The latest index from Rightmove, the property website, revealed that asking prices in more than half the boroughs in London fell in June, and that for the first time since December 2006, average property prices in the capital are no longer outperforming the rest of the country.
“The gap between house prices in London and the rest of the UK is getting narrower,” says Miles Shipside, Rightmove’s commercial director. “Seventeen out of 32 boroughs saw falls. We expect to see this drop continue over the next few months.” Research from Smartnewhomes.com, a marketing website that monitors asking prices for new properties, has also recorded falls in the capital. The average price of a new home in the capital is now £385,686, down 3% during the past year and 3.7% in May.
“The market may well be close to its peak in London,” says Liam Bailey, head of residential research at the nationwide property agency Knight Frank. “A slight shift in demand and supply is beginning to emerge. It indicates a move away from a seller’s to a buyer’s market. Since March, however, there has been a noticeable slowdown, with the number of new applicants registering for properties down by 30% compared to recent months.”
Yet only last month, economists were saying that the boom in house prices in London, fuelled by foreign buyers and bankrolled by bumper City bonuses, was rippling down to neighbouring boroughs, pushing up middle-market prices and forcing out first-time buyers.

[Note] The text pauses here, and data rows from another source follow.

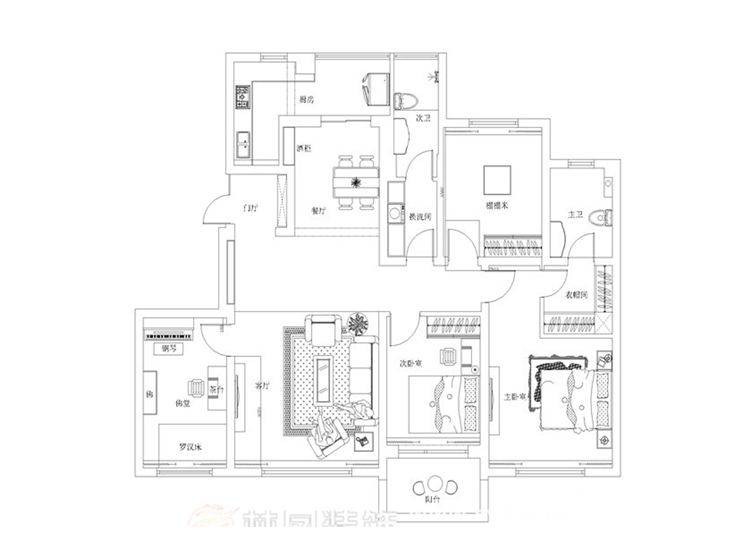 三室两厅一厨两卫,高层整体采用美式风格,色调以深色为主,体现美式的居家感和温馨感。
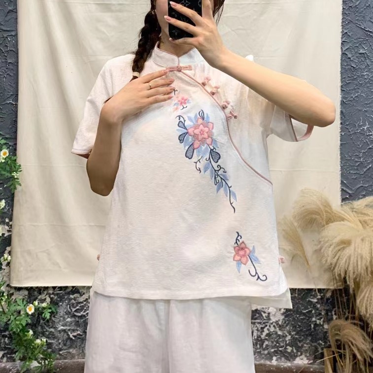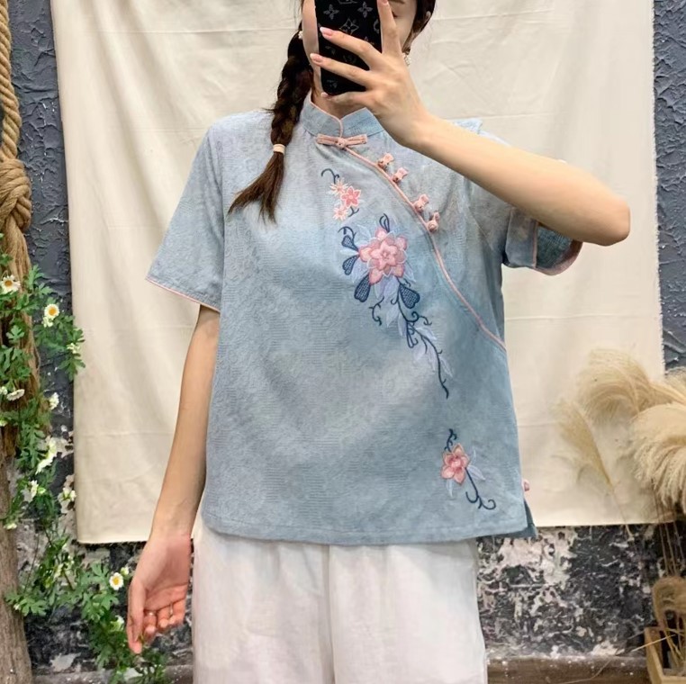 Áo trung hoa nữ tay lửng có thêu hoa AA3105
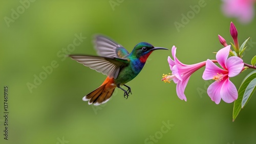 © fast high definition, Fototapeta premium The light dance of hummingbirds and flowers
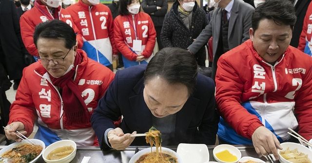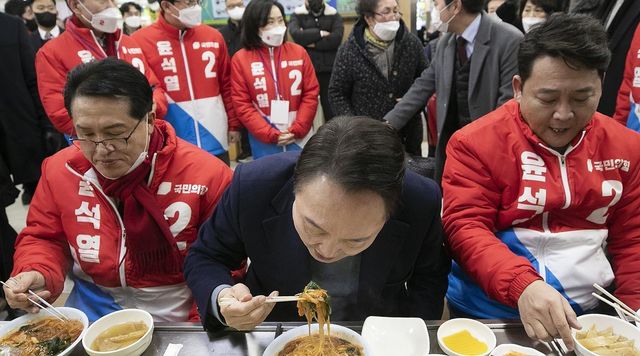 2022년 군산 공설시장에서 '매운 잡채'를 먹던 윤석열 대통령 / 뉴스1
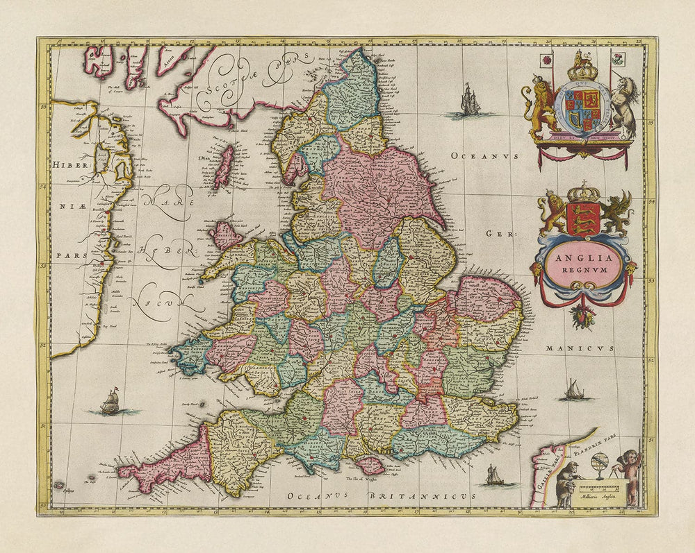 Old Map of England & Wales in 1665 by Joan Blaeu: Rare Chart With Ancient Counties
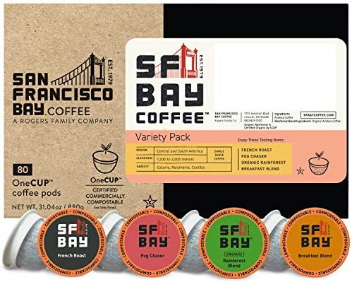 1.1 sf bay coffee onecup french roast/dark roast 80 ct compostable coffee pods, k cup compatible including keurig 2.0.
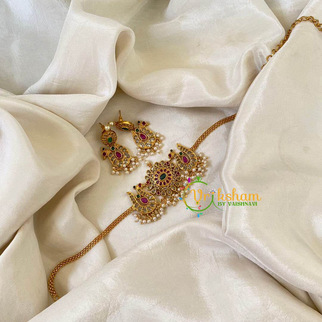 Peacock High Neck Choker is a Elegant and Premium Quality gold look alike choker. This royal and elegant temple neckpiece can be worn as a high neck choker. It does not come with earrings.
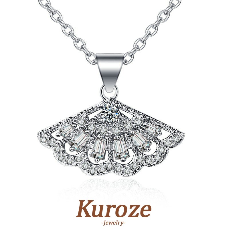 Kuroze Pt950 Platinum Fan Necklace Hollow Moissanite Pendant White Diamond Clavicle Chain
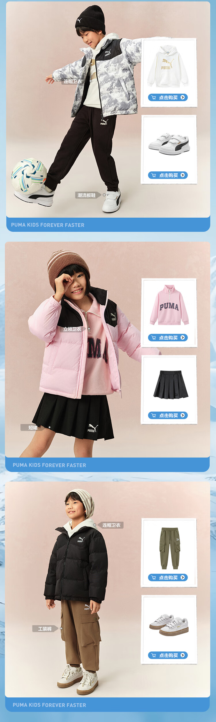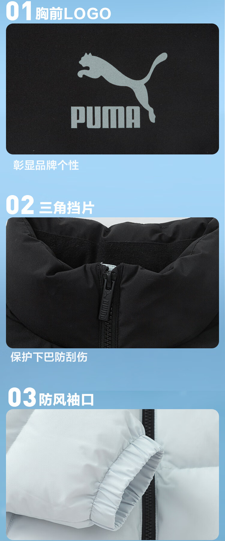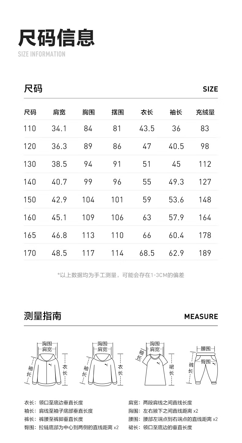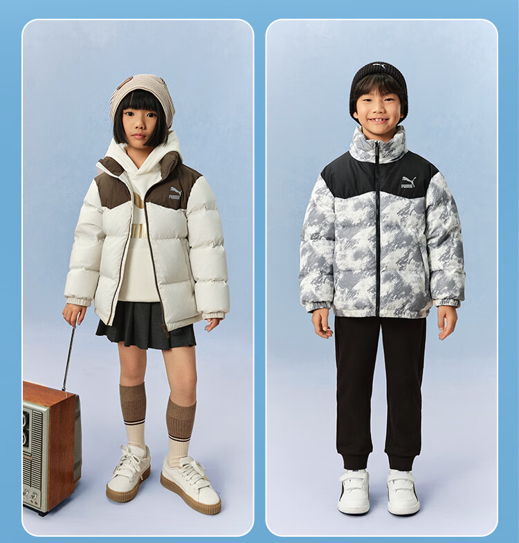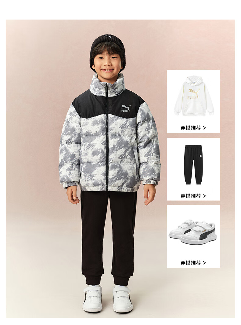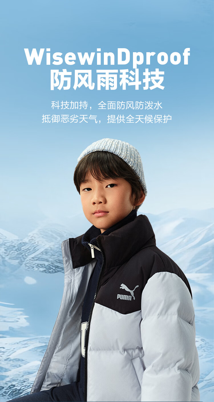 Puma new children's down jacket stand collar black 90001 150
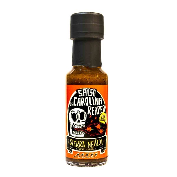 Esta salsa lleva el poderoso Carolina Reaper, el chili mas picante del mundo. Con jalapeños asados, cebolla, ajo, vinagre de sidra, zumo de limón y sal marina bio tiene un punto de dulzor y asado, con tonos cítricos. La botella de 100 ml esta apto para llevar en tu bolso, y llevarlo por avión.
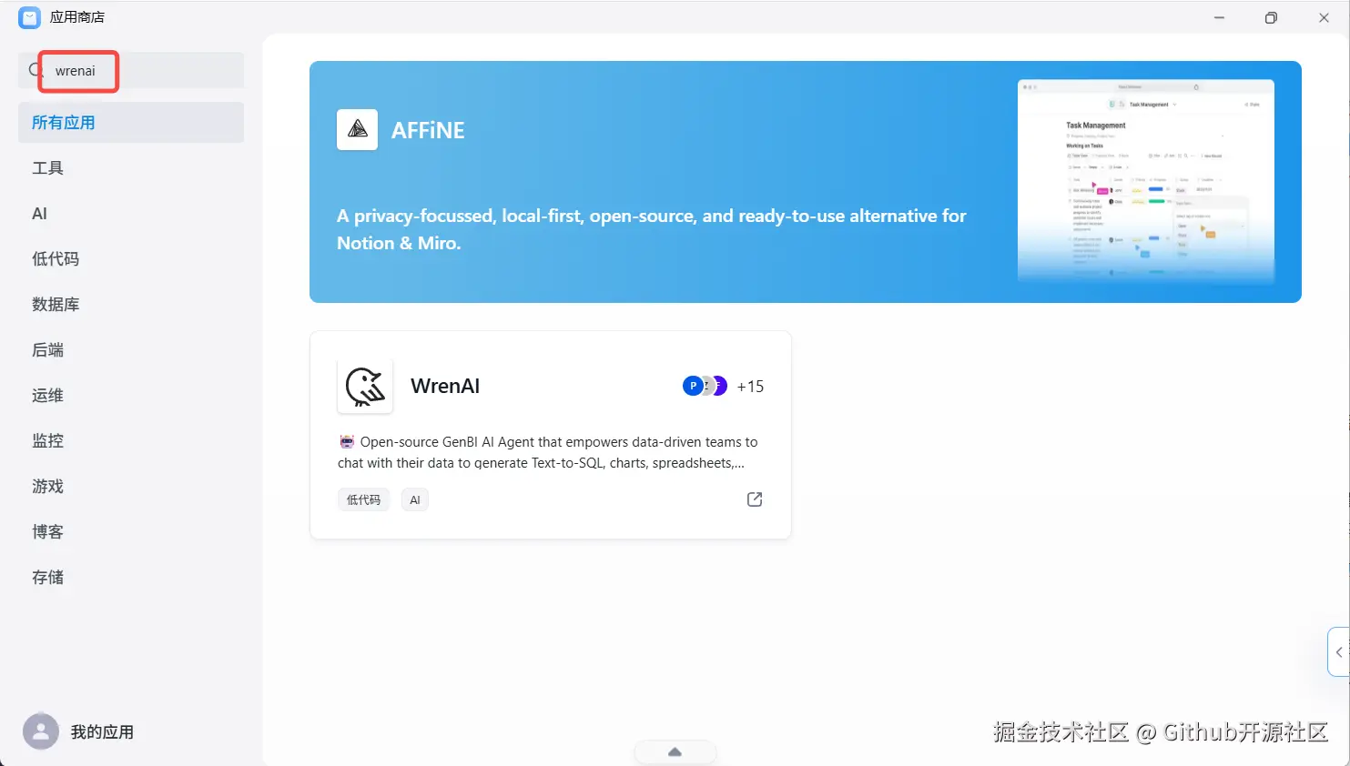 在搜索框输入 wrenai,找到了这个强大的 AI 工具。
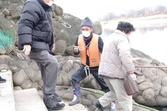 / 川,人,鞄,眼鏡,靴,救命胴衣,帽子,マスク,船,階段,河原,植物,河畔植生,手袋
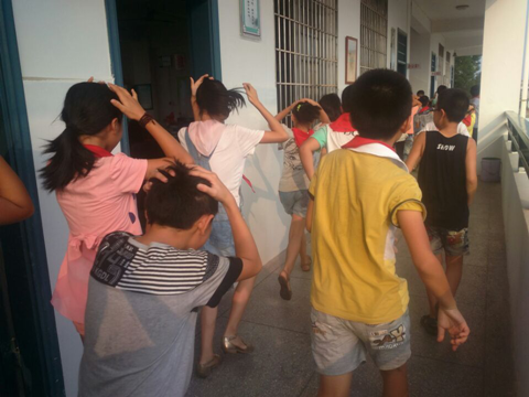 | 为了让广大师生深入地了解,在突遇地震的紧急情况下,提高学生自救互救的能力以及突发事件的应变能力和自救能力。白塘中心小学于2014年9月29日举行了安全紧急疏散演习。 为了搞好此次演习,学校专门制定了详细的演习方案,明确责任,落实任务,全校师生积极参与、全力配合,按预定方案冷静有序地进行。 下午第三节课时,演练的警报声响起时,各班学生在任课教师的指导下,双手抱头,迅速蹲在桌旁进行室内紧急避险.30秒后,在演练指挥长的口令下,全校学生迅速撤离教学楼到操场。在楼道相对窄小的楼梯转弯处,学生有秩序的迅速通过,紧张而不慌乱。负责楼梯口疏导的老师坚守在自己工作岗位上,直到最后一名学生通过,才迅速撤离。疏散到操场的学生在班主任老师的带领下,整队、清点人数,全校学生无一人掉队,师生全部到达指定安全位置. 本次地震演练活动的顺利完成,强化了师生的安全意识,使抽象的安全演练变成具体的实战演习,使全校师生基本了解了灾害发生时的应对措施,大大增强了广大师生的安全意识与自护自救技能,最大限度地保护了全校师生的生命安全。
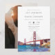 Este convite de casamento em aquarela da Ponte Golden Gate de San Francisco pode ser personalizado com suas informações em tipografia elegante e todas as suas fotos especiais no verso. Criado por Thisisnotme©
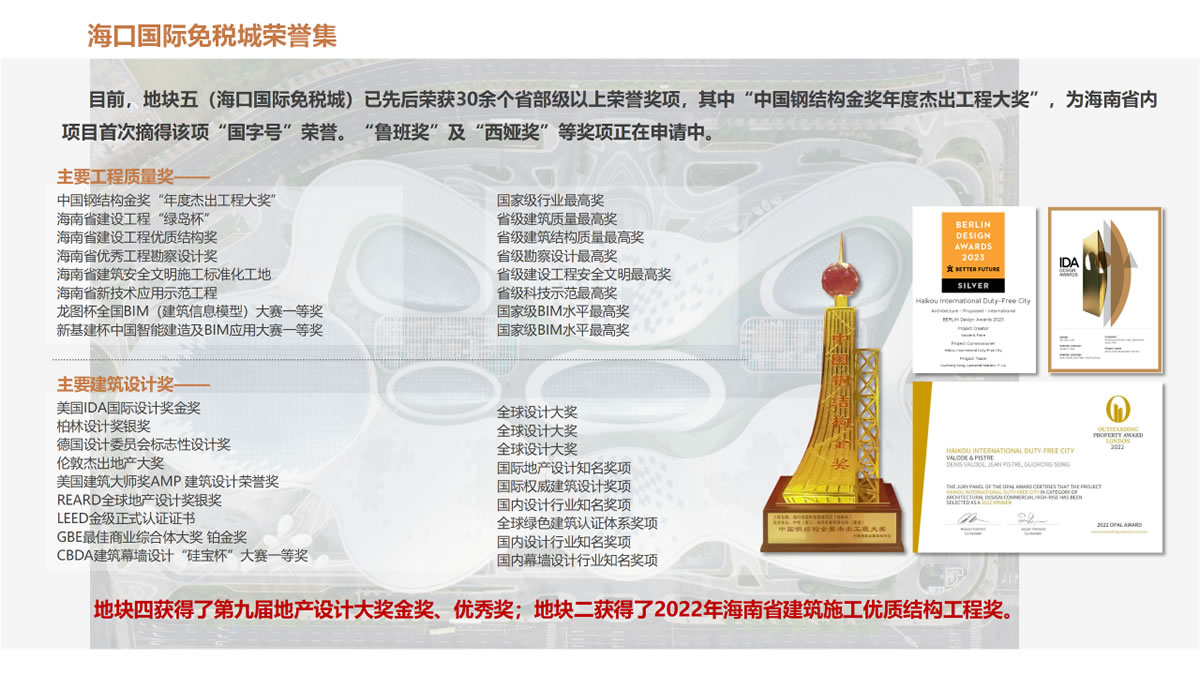 ▲ 海口國際免稅城項目整體建設(shè)所獲榮譽
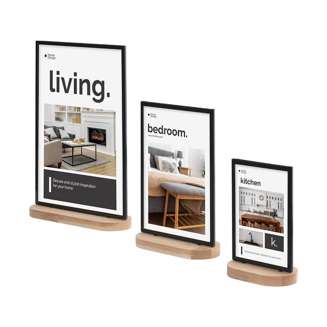 Der Plakat-Tischständer „Kudera“ ist ein eleganter Werbeträger zur Präsentation von Angeboten und Informationen. Platzieren Sie den Aufsteller aus Metall und Holz auf Aktionstischen, Verkaufstheken oder in Schaufenstern. Der Tischständer verfügt über eine stabile ovale Fußform, die für Standfestigkeit sorgt.
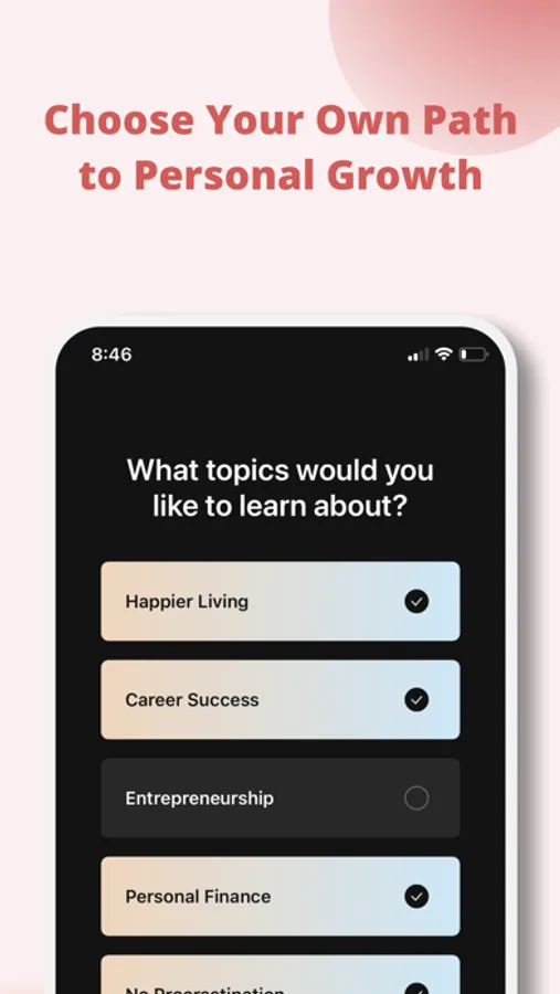 Our stories are designed to deliver the most useful and important insights to help you achieve your personal and professional goals. And our courses are divided into bite-sized, actionable lessons from experts like Mark Manson, Arianna Huffington, and Tim Ferriss.
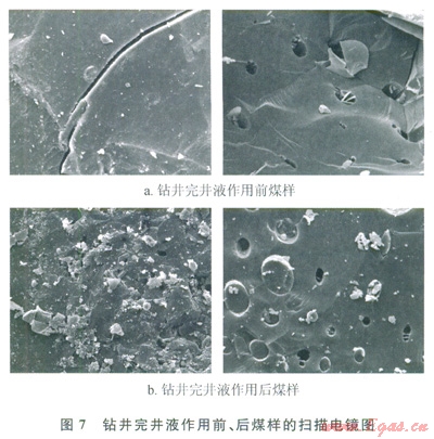 煤巖儲層鉆井過程中在正壓差作用下,鉆井完井液濾液將侵入煤層,當鉆井完井液濾液與煤層流體小配伍時,在煤層溫度、壓力、pH值等條件的作用下極易產(chǎn)生沉淀物。鉆井完井液固相和產(chǎn)生的沉淀物將堵塞煤層裂縫和孔隙,導致煤巖儲層滲透性降低。圖7為鉆井完井液作用前后煤樣掃描電鏡結(jié)果,可見鉆井完井液未作用煤樣孔隙和裂縫未被充填,具有較好的連通能力,而鉆井完井液作用后煤樣裂縫和孔隙均被不同程度充填,尤以裂縫充填最為嚴重,大大降低了原有的連通能力,使?jié)B透率顯著下降。
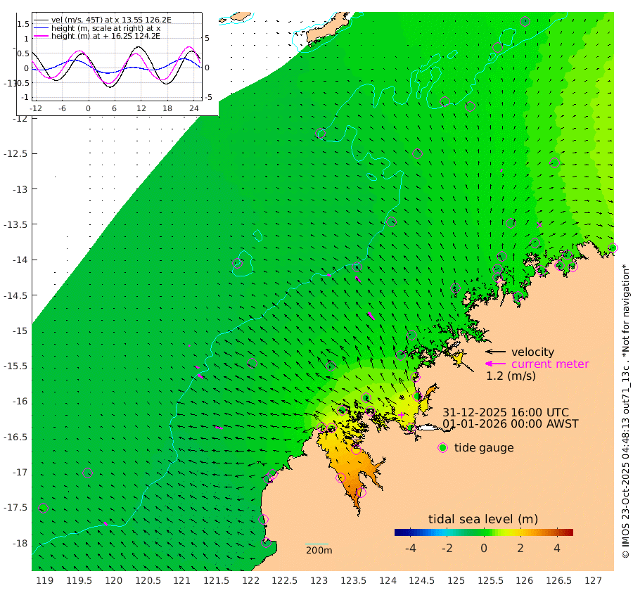 22cm/s -60T +10cm/s rms + 1cm/s 1T. NWSBRW 205m 25cm/s -47T +11cm/s rms + 6cm/s -110T. NWSROW 199m 58cm/s -39T +5cm/s rms + 2cm/s 65T. CAM050 58m 43cm/s -42T +12cm/s rms + 5cm/s 92T. CAM100 99m 10cm/s -67T +7cm/s rms + 1cm/s -85T. KIM400 396m 22cm/s -61T +9cm/s rms + 5cm/s -119T. KIM200 208m 38cm/s -53T +11cm/s rms + 5cm/s -147T. KIM100 99m 42cm/s -76T +8cm/s rms + 3cm/s -103T. KIM050 59m 14cm/s 15T +4cm/s rms + 2cm/s 23T. TIMORS88 91m 30cm Imperieuse Reef -62cm Mermaid Reef -89cm Broome -65cm Cape Baskerville -22cm Red Bluff -55cm Cape Boileau -55cm Scott Reef (WA) -26cm Ashmore Reef 45cm Karrakatta Bay 47cm Sunday Island 228cm Valentine Island 256cm Derby 177cm Port Usborne -5cm Bedford Islands -11cm Yampi Sound (Koolan Island) -17cm Macleay Island -36cm Adele Island -79cm Browse Island 24cm Shale Island 9cm Lizard Island 76cm Hall Point -31cm Degerando Island -57cm White Island -39cm Skua No. 4 Well -2cm Jabiru -53cm Maret Island -46cm Baudin Island -51cm Cape Voltaire (Krait Bay) -4cm Dillon Shoal -62cm Laminaria -28cm Port Warrender -2cm Troughton Island -37cm Cassini Island -29cm West Holothuria Reef Offshore -7cm Jar Island -57cm Lynher Bank -70cm Heywood Shoal -14cm Pee Shoal 10cm Van Cloon Shoal -7cm Carronade Island -18cm Guy Point -3cm Napier Broome Bay 30cm Lesueur Island
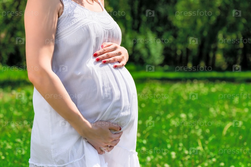 Живот беременной женщины в белом платье на фоне зеленого парка
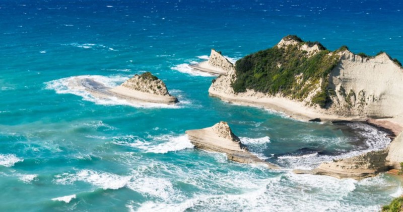 Ο λόγος για το Ακρωτήριο Δράστης, το οποίο βρίσκεται κοντά στην τοποθεσία Περουλάδες και 40 χιλιόμετρα μακριά από τη χώρα της Κέρκυρας, «πνιγμένο» στην πυκνή βλάστηση, με πρωταγωνιστή μεσοπέλαγα έναν κεντρικό βράχο που πλαισιώνεται από μικρότερες νησίδες, μέσα σε κρυστάλλινα νερά, με υπέροχες πράσινες και μπλε ανταύγειες.
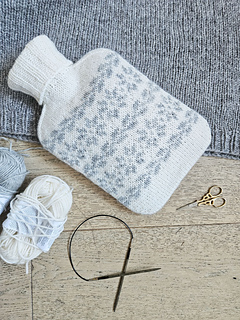 Knitting pattern for a hot water bottle cover with traditional Norwegian colorwork.
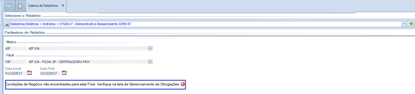 "Condições de Negócio não encontradas para esta Filial. Verifique na tela de Geranciamento de Obrigações".
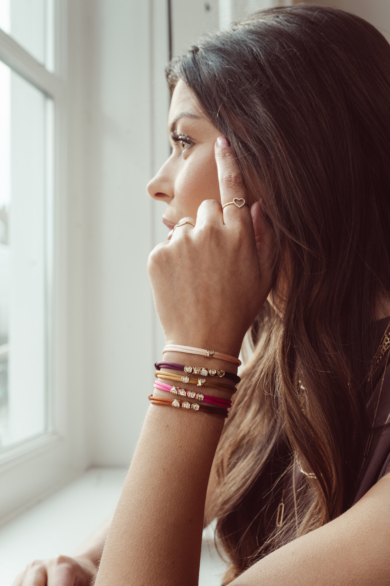 De Honey Bee Satijnkoord Armband is een tijdloos sieraad, perfect voor elke gelegenheid. Verzamel meerdere initialen en symbolen en draag ze samen aan één armband – of combineer ze met onze diamantvariant voor een extra sprankelende touch. Kies jouw eigen satijnkoordkleuren en maak de armband helemaal uniek.
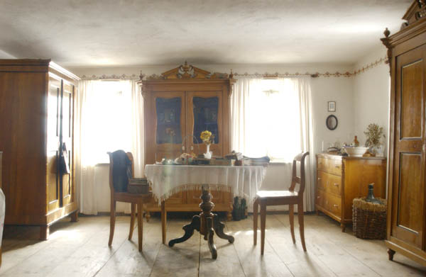 Eine sog. "schöne Kammer" (auch "Obere Stube") mit bürgerlichem Anspruch im Freilichtmuseum Finsterau (Lkr. Freyung-Grafenau), 2004. (Foto: Landesamt für Denkmalpflege)

So, what is really going on? Are these latest statistics really the first evidence of the long-predicted slowdown? “Sort of,” says Simon Jobson, manager of Winkworth’s Chiswick office, in Hounslow, a borough that, according to the Rightmove data, has seen asking prices fall by 2.4%. “The market has toughened up a bit,” he explains. “Whereas earlier in the year we had 30 buyers chasing one property, we now have only five or six. There is a certain realignment taking place, especially in the mid-market, from £650,000 to £850,000.
“Buyers are no longer willing to pay silly money, so a neighbouring council estate, a railway line or a noisy road is making a difference again. Buyers are not losing confidence yet, just becoming fussier.”
To Peter Mackie, head of the London desk for Property Vision, a high-end buying agent, this is a welcome sign of sanity returning to the marketplace. “This year has seen an excellent market for secondary-quality property,” he says. “If you had a house that wasn’t quite up to the mark, people rushed to buy and paid top whack. Now buyers are focusing on quality, and that is the sign of a fragmented market.”
It is a switch from what has been a seller’s market – and, in the most expensive streets of prime central London, values have increased by 33.3% in the past year, according to Knight Frank – to, if not quite a buyer’s market, then one where sellers can no longer be quite so bullish.
Max Ziff, chief executive of Humberts, says that any small price drops being seen are a reflection of the increase in supply of low- to mid-priced properties on the market in May. “This was due to two factors,” he says. “A degree of anxiety regarding potential interest-rate rises, but more particularly, the anticipated introduction of home information packs.”
As the scales tip ever so slightly in favour of the well-informed buyer, even the economists and estate agents who have been sounding warnings lately admit that the capital will see double-digit price growth by the end of the year. Perhaps the changing mood just means that, for the first time this year, estate agents are being forced to work harder.